ARE we moving forward or backward?

On March 29, 1994, the Philippine Network Foundation (PHNet) used a 64-Kbp leased line connection to connect its member institutions to partners in the United States.

For the first time, the country was linked to the Internet and the so-called Information Superhighway.

By this count, this coming March will be our 20th year of being “wired,” which, along with “online,” “hooked up,” “connected,” “web-enabled” and other synonyms simply means that we are using “computers to transfer or receive information, especially by means of the Internet.”

Those of us born at a time when information was first acquired only at great cost and delay—which often meant that when it was available, the information was useless—see the Internet as a godsend.

Would it have taken us 20 years to oust the dictator Ferdinand Marcos and his minions if we had the Internet to boost the opposition and make activism a less bloody, protracted struggle?

According to the 2009 “Philippines – Public Access Landscape Study” conducted by a team from the University of Washington Center for Information and Society, the growth of the Internet in the country was hindered by the lack of Internet infrastructure, its cost and corruption in the government.

Twenty years later, where are we? We have an untold number of smalltime businessmen renting out laptops and USB Internet connections to local families who cannot afford to buy their own.

These families are learning to go online so foreigners can pay in foreign currency to watch Filipino children pose nude or simulate sex or self-abuse before webcams.

According to BBC News, an Angeles City raid in 2012 arrested Timothy Ford of Kettering, Northamptonshire for paying Filipino parents that got five of their children to “perform” before a webcam.

Ford paid the parents 13 British pound sterling, equivalent to P970.71 today, for the entire “show”.

Last Feb. 18, I received an SMS breaking news alert from Rappler that the Supreme Court (SC) upheld as constitutional most of the provisions of Republic Act No. 101751, also known as the Cybercrime Law.
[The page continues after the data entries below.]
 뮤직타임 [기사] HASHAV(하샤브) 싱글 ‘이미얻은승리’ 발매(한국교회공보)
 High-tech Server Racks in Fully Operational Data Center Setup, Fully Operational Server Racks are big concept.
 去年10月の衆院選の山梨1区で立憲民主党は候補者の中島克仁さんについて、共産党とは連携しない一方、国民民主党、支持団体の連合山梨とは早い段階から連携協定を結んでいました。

Included in the approved provisions is the controversial provision on online libel.

As of this writing, word is spreading online and through the old but still reliable word of mouth that Internet users are meeting for a #notocybercrimelaw assembly on Feb. 22, 1 p.m. at the College of Law grounds of the University of the Philippines Diliman campus to discuss the next strategies for opposing the Cybercrime Law.
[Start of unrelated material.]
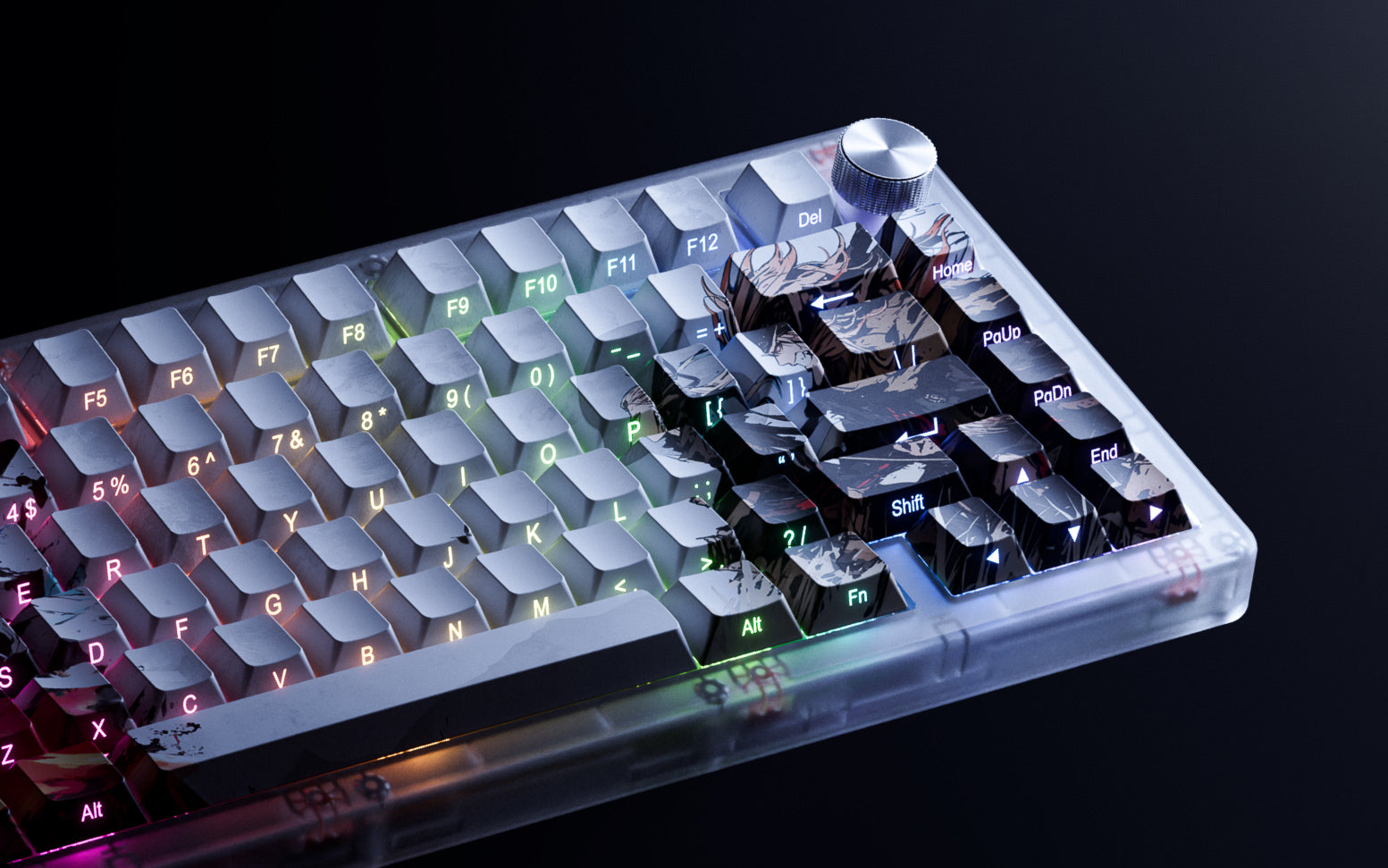 Un knob dedicat pentru controlul volumului, integrat elegant în colțul tastaturii, îți permite să reglezi sunetul rapid, fără combinații de taste sau meniuri. Ideal în timpul jocului, când vrei control instant fără să pierzi focusul.

A Manila Times online report quoted a group called the Bloggers and Netizens for Democracy (BAND) as “lamenting” the Supreme Court decision to uphold a law that curtails freedom of expression even as the country will commemorate its 20th anniversary of being wired and a year before the Asean integration.
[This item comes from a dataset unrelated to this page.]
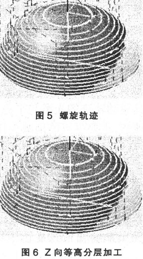( 6) Z向等高分層加工( 圖 6) 。生成 Z向等高分層軌跡的方法是用指定等距離的一組水平面對工件進行切片, 從而得到工件加工曲面的等高線, 以此作為刀具與加工曲面的接觸點, 補償后的得到刀具軌跡。對于該類加工策略, 由于刀具軌跡為 Z向定距下降, 容易存在對水平或接近水平的淺灘平面行距過大的問題。對于陡斜面, 刀具路徑可能過于密集, 而水平或淺灘平面將因行距過大而得到較大的殘留高度。
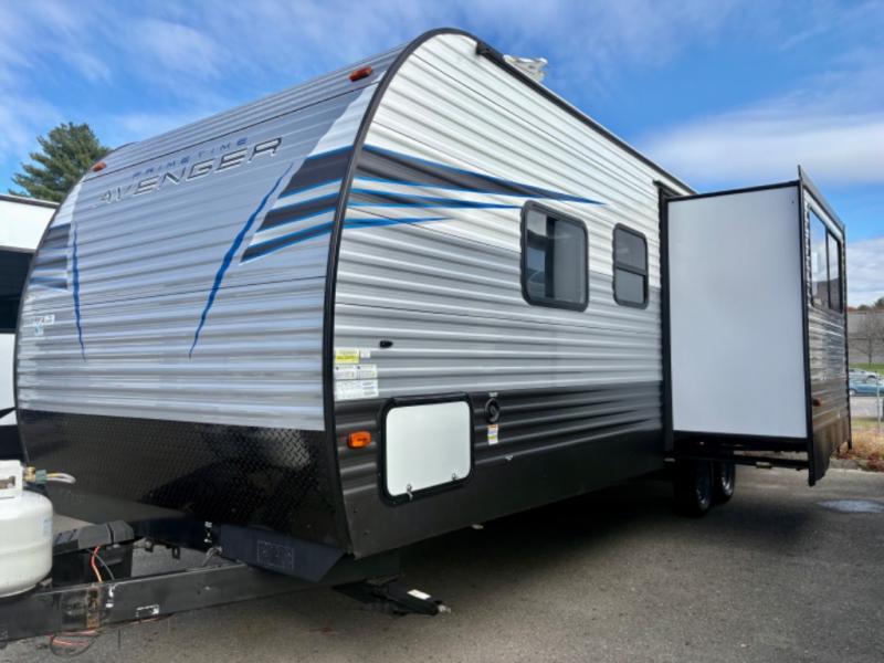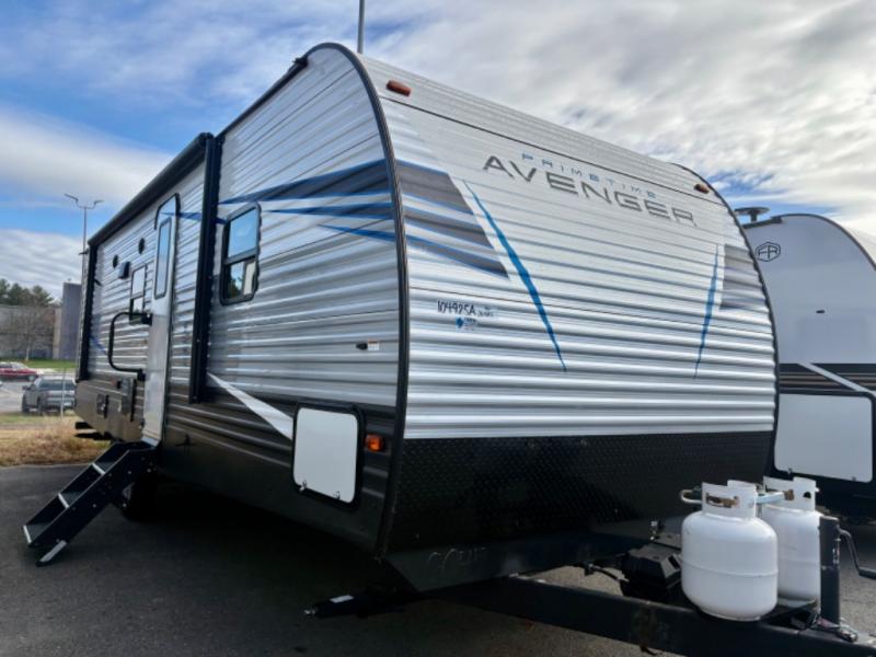 Don't waste any time getting out to your favorite getaway spot with an Avenger travel trailer from Prime Time RV! The Avenger will provide long-term quality and durability because of its exclusive EVERLAST construction, Dexter EZ-Lube axles, diamond-plate rock guard, and Solid Stance fold-down steps. Plus, the Avenger will also deliver industry-leading beauty on the interior with its designer window treatments, its seamless Carefree Congoleum flooring, its large fully vented windows throughout, and its premium fabrics. You will also be grateful to find a massive under-bed storage space so that you can keep extra luggage hidden away and out of sight.

The Band spokespersons said laws exist to combat cybersex and cybertrafficking. They argued that the Cybercrime Law threatens five principles of Internet freedom: expression, access, openness, innovation and privacy.

As we find ourselves with actual roads and highways, we are at a crossing in the Information Superhighway.

In 1993, the PHNet was born after the Department of Science and Technology partnered with colleges and universities, including the University of San Carlos in Cebu City. The vision was to connect the country to the Information Superhighway, specially schools, for the growth of learning and global competitiveness.

A day before the SC upheld the Cybercrime Law, the National Bureau of Investigation (NBI) raided a private school in Muntinlupa that also served as a center for child and adult cyberporn operations.

The president of the academy denied that she knew the illegal nature of the enterprise that rented two of their “computer labs”. She denied that she benefited from the operations where young men posed as young women and conducted sex chats with foreigners. She said that the rooms’ rental subsidized their scholars.

In Internet slang, a “glitch” is a sudden, temporary break in the system. Is there a term when the fault becomes permanent and widespread?